* DATA
________________________

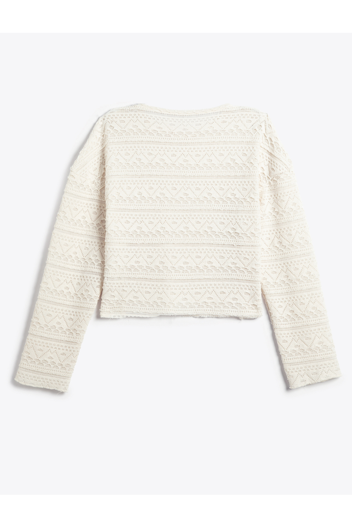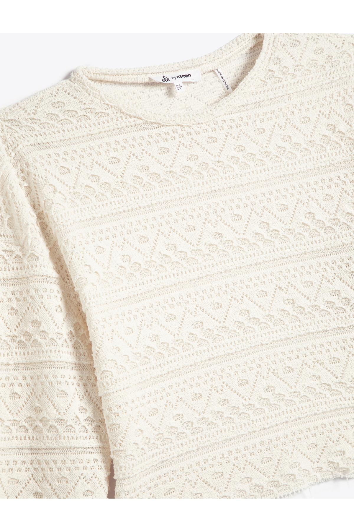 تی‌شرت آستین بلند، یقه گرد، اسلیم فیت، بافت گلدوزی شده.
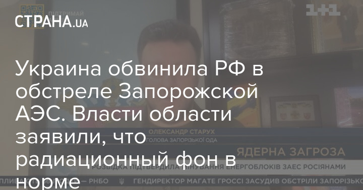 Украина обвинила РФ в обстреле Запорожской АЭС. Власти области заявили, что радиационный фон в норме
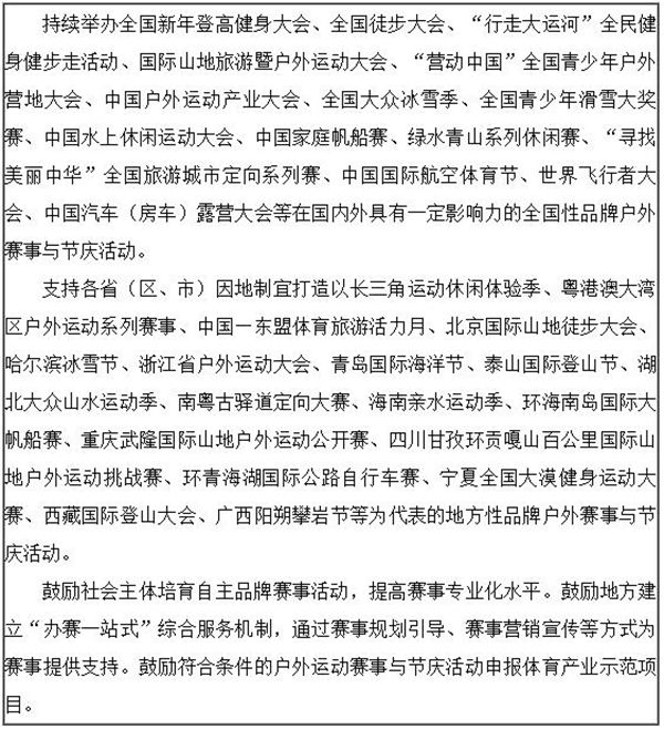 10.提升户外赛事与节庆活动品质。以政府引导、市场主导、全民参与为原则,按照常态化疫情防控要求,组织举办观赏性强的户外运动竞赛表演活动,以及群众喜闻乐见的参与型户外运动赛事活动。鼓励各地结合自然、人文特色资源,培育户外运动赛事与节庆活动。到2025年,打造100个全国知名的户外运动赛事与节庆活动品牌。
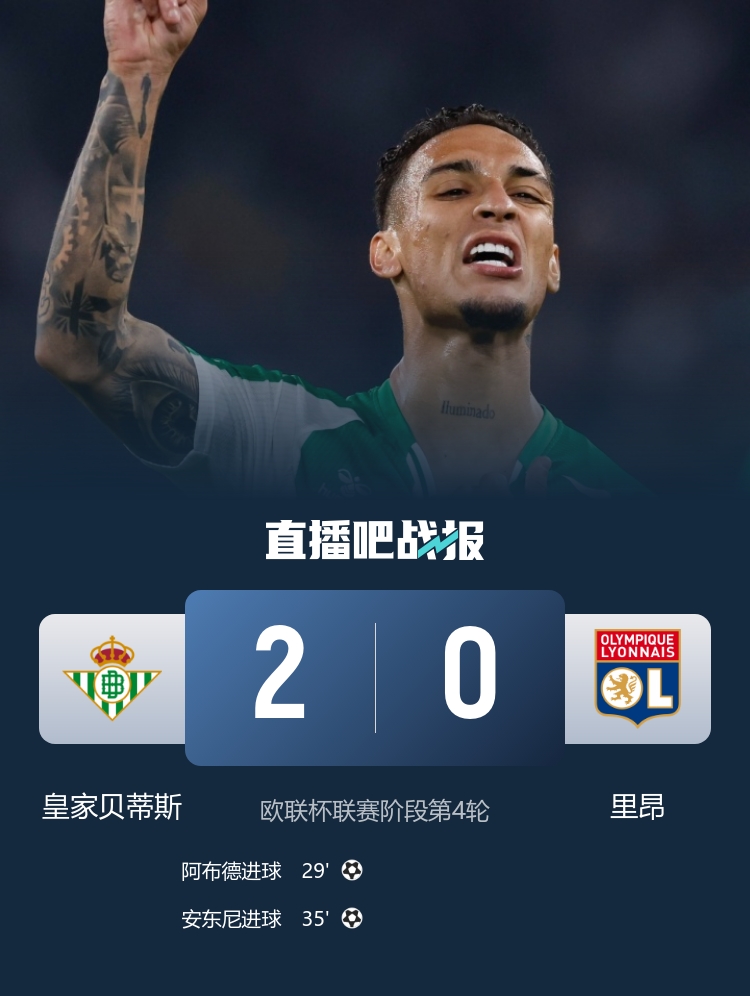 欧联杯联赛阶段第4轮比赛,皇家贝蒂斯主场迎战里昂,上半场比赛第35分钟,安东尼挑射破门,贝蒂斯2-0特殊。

________________________

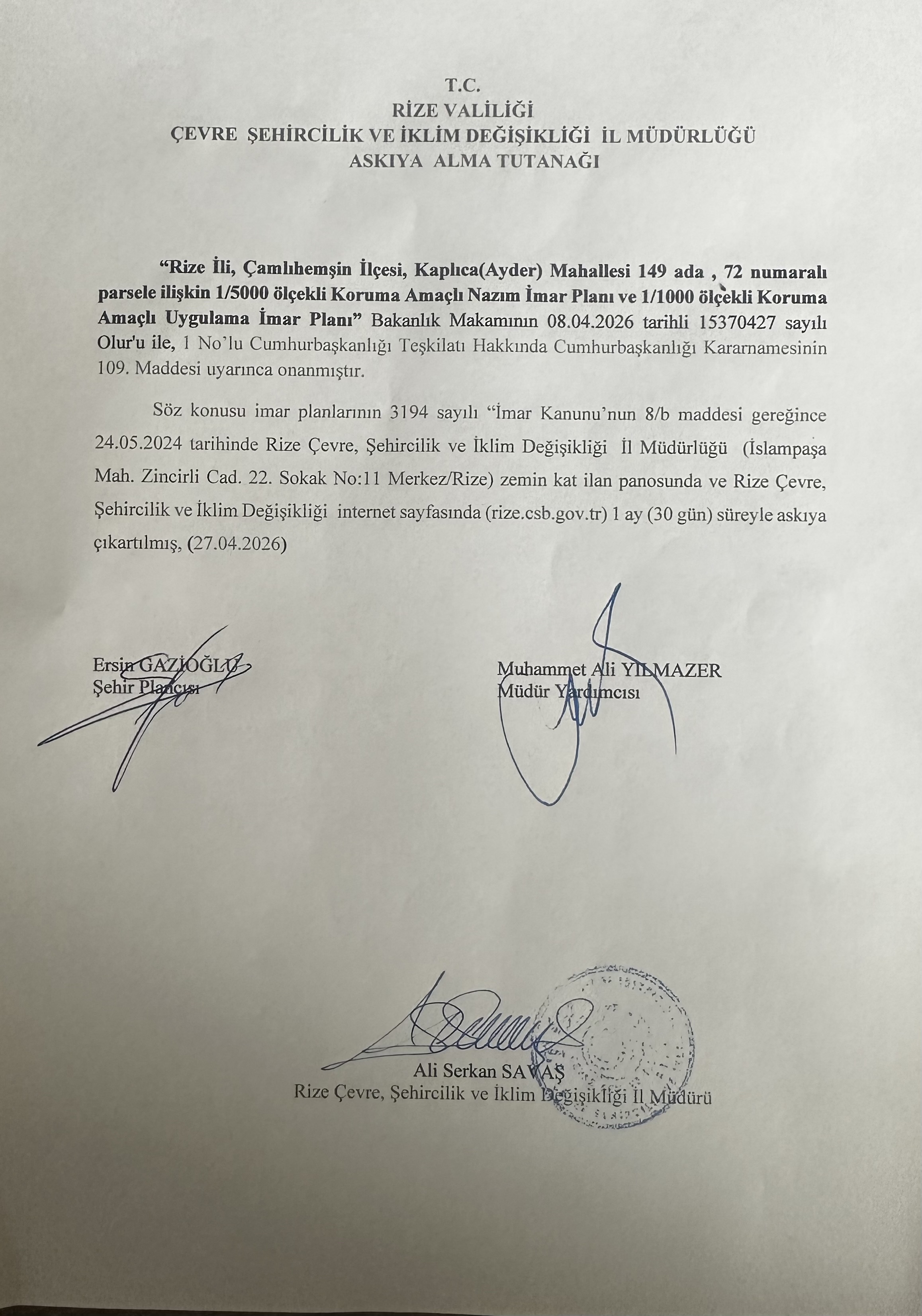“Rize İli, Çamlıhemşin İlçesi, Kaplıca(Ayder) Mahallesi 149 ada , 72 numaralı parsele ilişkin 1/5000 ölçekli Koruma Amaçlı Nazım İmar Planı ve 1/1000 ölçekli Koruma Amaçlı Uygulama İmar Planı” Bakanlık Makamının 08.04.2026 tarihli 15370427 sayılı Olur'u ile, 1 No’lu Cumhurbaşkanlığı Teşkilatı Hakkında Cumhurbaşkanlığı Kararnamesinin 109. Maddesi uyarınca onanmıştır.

________________________

Print, exactly and with no pictures, the lines of the listing above starting at the one that has "تی‌شرت آستین بلند،" and ending at the one that has "欧联杯联赛阶段第4轮比赛,皇", both included.

 تی‌شرت آستین بلند، یقه گرد، اسلیم فیت، بافت گلدوزی شده.
 Украина обвинила РФ в обстреле Запорожской АЭС. Власти области заявили, что радиационный фон в норме
 10.提升户外赛事与节庆活动品质。以政府引导、市场主导、全民参与为原则,按照常态化疫情防控要求,组织举办观赏性强的户外运动竞赛表演活动,以及群众喜闻乐见的参与型户外运动赛事活动。鼓励各地结合自然、人文特色资源,培育户外运动赛事与节庆活动。到2025年,打造100个全国知名的户外运动赛事与节庆活动品牌。
 欧联杯联赛阶段第4轮比赛,皇家贝蒂斯主场迎战里昂,上半场比赛第35分钟,安东尼挑射破门,贝蒂斯2-0特殊。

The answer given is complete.